Regulatory headwinds and other industry challenges haven’t stopped Visiting Nurse Health System from beefing up its toolbox and sharpening existing tools.
The Atlanta-based Visiting Nurse Health System provides a variety of home-based care services to over 7,000 patients across Atlanta.
In order to push the organization forward, there has been a focus on leveraging partnerships to give its patients additional layers of care. Specifically, it spent the year trying to further build out its palliative care service line.
Home Health Care News recently caught up with Dorothy Davis, the president and CEO of Visiting Nurse Health System. During the conversation, she went into detail about the aforementioned topics, as well as how the final rule may impact business.
HHCN: Can you give a brief update on some of the challenges and business opportunities that Visiting Nurse Health System has seen in the past year?
Davis: I think the challenges have remained pretty similar. It’s about Medicare Advantage, it’s about the workforce, and it’s about understanding our organization.
I think about what I see as our competitive advantage, which is kind of antithetical to not having the scale because we are such an Atlanta, Georgia-based company. We’re really digging into that deeper and what it really means. How do we build partnerships, business relationships and clinical relationships to bring value to our service area? We’ve also had some leadership changes that have been important. I’m super excited about my leadership team, and I think that’s an advantage.
Can you talk about the ways that you’ve navigated some of those challenges that remain persistent?
I think there are a lot of challenges just with understanding the regulatory and the payer models. We deliver five different service lines, and we could take care of the same patient in three different environments. Understanding how to leverage the clinical pathways in navigating, say, hospital-at-home, and all of those regulatory [requirements]. It’s just a lot of work.
The challenges that I see continuing are operating each business line in complex regulatory environments, with payment pressures, while understanding the opportunity for value creation. To me, a good challenge is also a real good opportunity.
As a non-profit organization, our biggest challenge is capital. I see that when I’m competing against much better capitalized organizations. I think about capital constraints, and how we achieve certain things without the capital that a venture-backed company has.
What was your reaction to the home health final rule? How do you think it will impact your business overall?
I don’t like it, and I don’t think you’ll find a provider who says, ‘Hey, that’s, that makes sense.’ I think it’s just going to continue to decrease access to home health.
When MedPAC looks at data, they’re not looking at the full picture. They’re not looking at all our patient data. They’re looking at segmented data, aged data.
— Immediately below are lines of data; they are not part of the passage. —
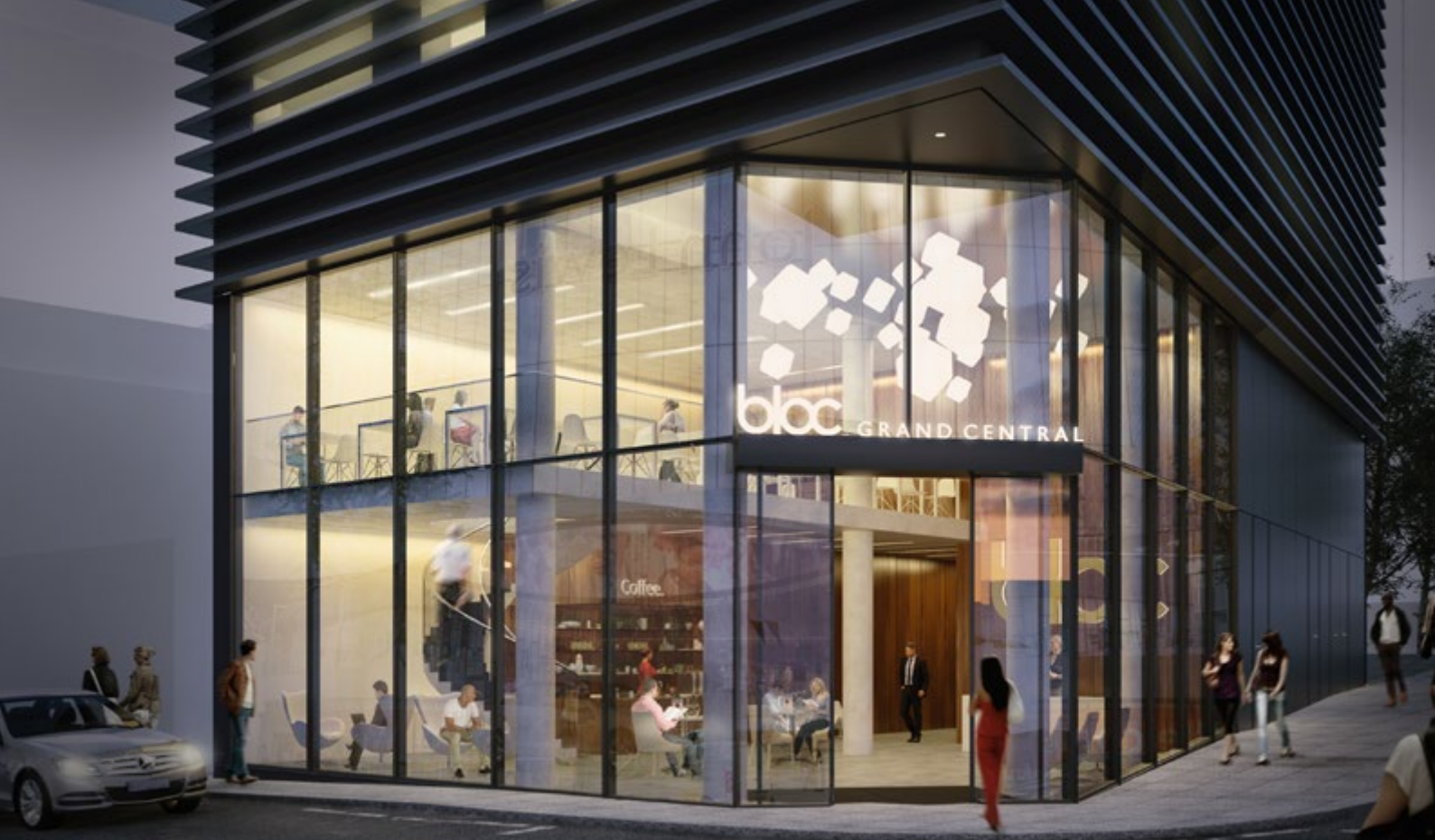
BLOC GRAND CENTRAL RECEPTION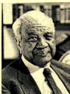
Rev. Gardner C. Taylor Chapel, January 15

Because God has reconciled the world to Himself in Christ, we, like Paul, will promote that same message of reconciliation: If anyone is in Christ, he is a new creature. The old has passed away, the new has come. As those who have been made a new creation in Christ, we will observe Martin Luther King, Jr. Day by celebrating our reconciliation with God and one another in Christ and calling others to be reconciled with God and one another in Christ. In Jesus and Him alone is true and lasting reconciliation.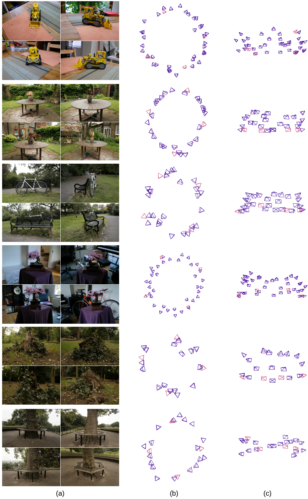
Fig. 2: Training images and camera distribution for selected scenes—Kitchen, Garden, Bicycle, Bonsai, Stump, and Tree-hill—from the Mip-NeRF 360 dataset. (a) Training images; (b) top view of camera distribution with training cameras in red and test cameras in blue; (c) side view of camera distribution with training cameras in red and test cameras in blue.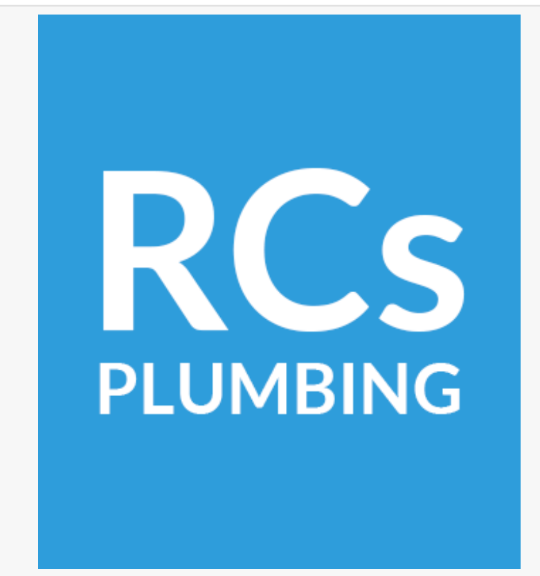
RC Plumbing Logo

That's why it's important you consider changing out your faucets and shower heads to more water-efficient models. They come in every style, size, and price range, and they often function better using far less water than the old-style equipment you've probably been using for years.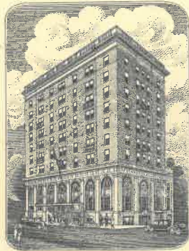
THE MONTICELLO CHARLOTTESVILLE, VA.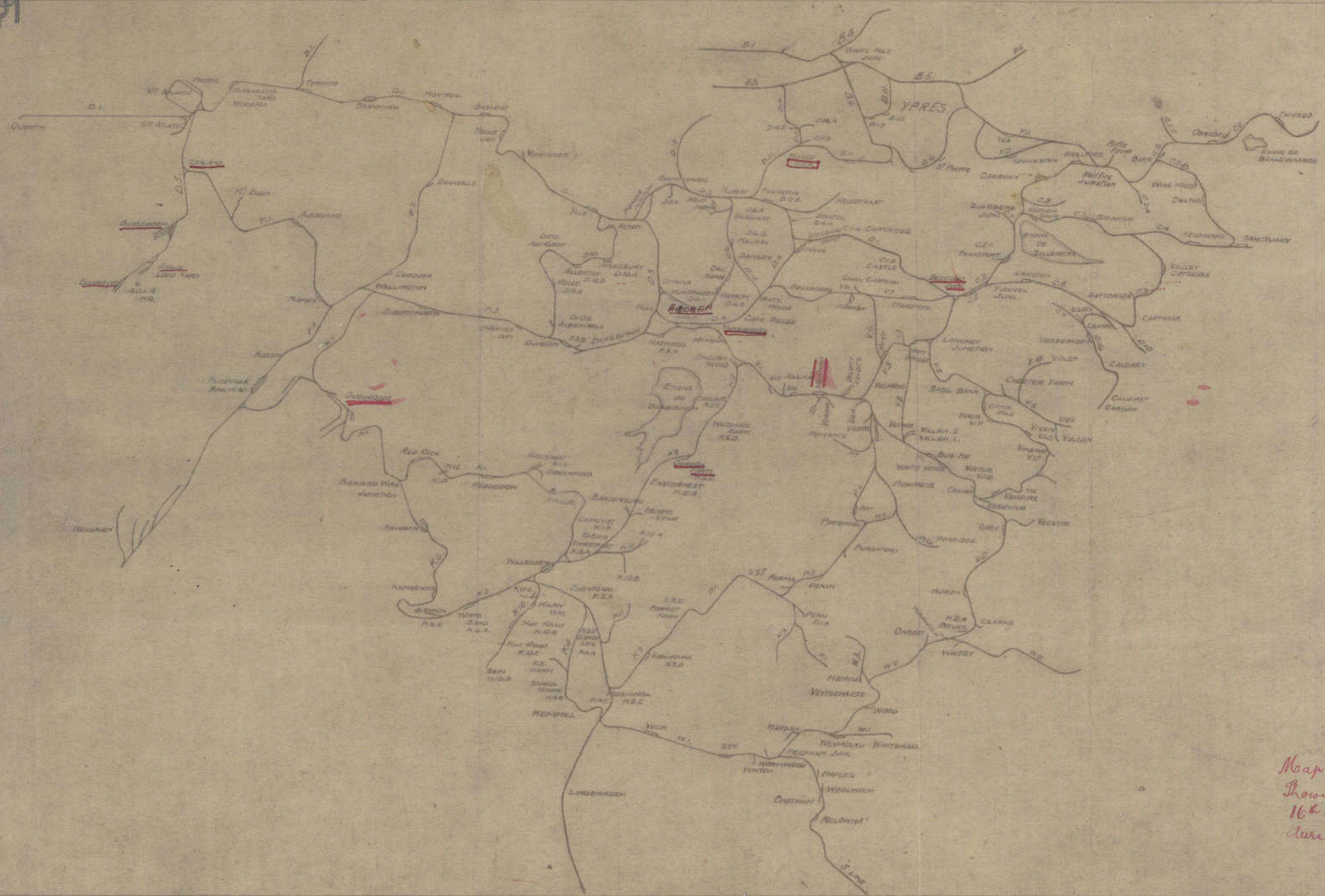
Map. 2 nd Army L.R. System. Showing Points at which 16 th ALROC AIF. were stationed during Octo 1917. For War Diary Dec 1917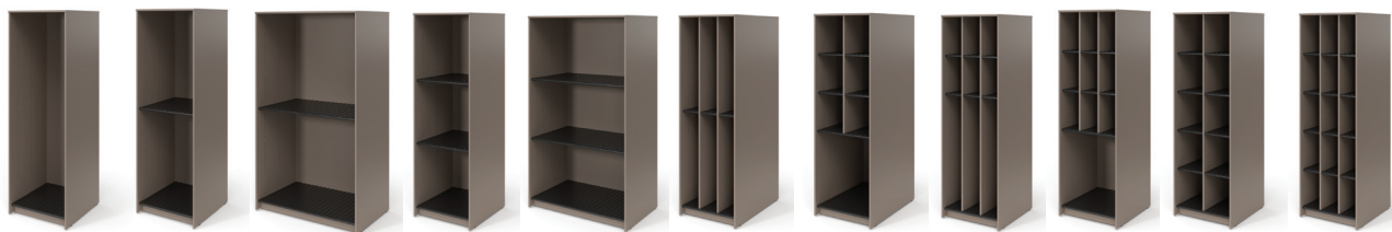
INSTRUMENT - 1-15 COMPARTMENTS NO DOORS AND LOCKING DOORS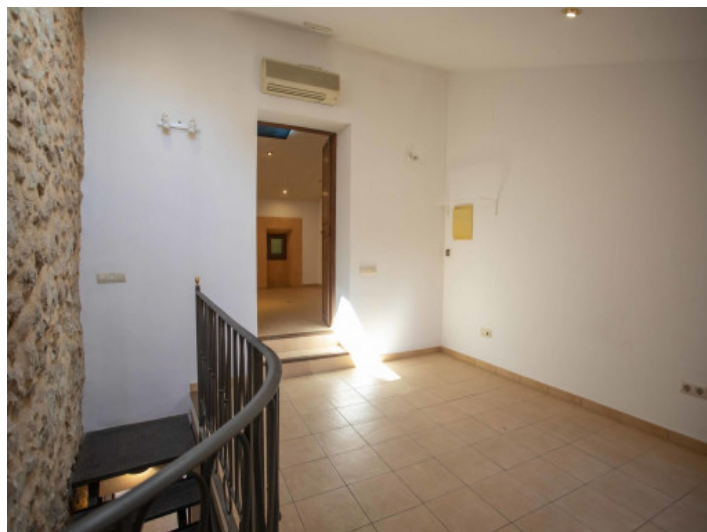
Vestibule main bedroom

There’s going to be consolidation. There’s going to be people going out of business. That will not be us.
Regarding what it will mean for my business, I saw that the wage index, and the functional scoring, and the behavioral adjustments actually are a little more favorable for us, so we’re not anticipating a cut because of that. But we are still assessing what this means.
What kinds of organizations have you been partnering with this year, and how have they helped move Visiting Nurse Health System forward?
Our strategy has been defined by what services we need to deliver from a health care and aging perspective.
For instance, we have a deepening relationship with a house call practice. We have a very strong relationship with a transitional care organization. We do a tremendous amount of work with DispatchHealth. They are active in our market and most of our service area. That’s been a nice addition to our toolbox.
We also have relationships with skilled-nursing organizations. These are referral relationships that are aligned around value and workforce.
Does Visiting Nurse Health System have any expansion plans for the future?
We’re never going to go outside the borders of Georgia, but we are looking at expanding outside of where our core service area was last year. We have 26 counties we serve. We’re expanding our hospice, and we’re expanding our LTSS.
Are there other areas of home-based care that your organization is going to make a strong effort to move into before the year ends?
We spent the year really growing our palliative care service line. We got our Part B number and we’re building capacity. I think next year will be our execution year, because this year has been about getting our infrastructure set up so we can run a true palliative symptom management program.
We designed the program with our hospice and palliative leader Natasha Fowlks, she’s phenomenal. It’s something that I think is going to be a cornerstone for care, especially with health equity. That’s a core part of our work.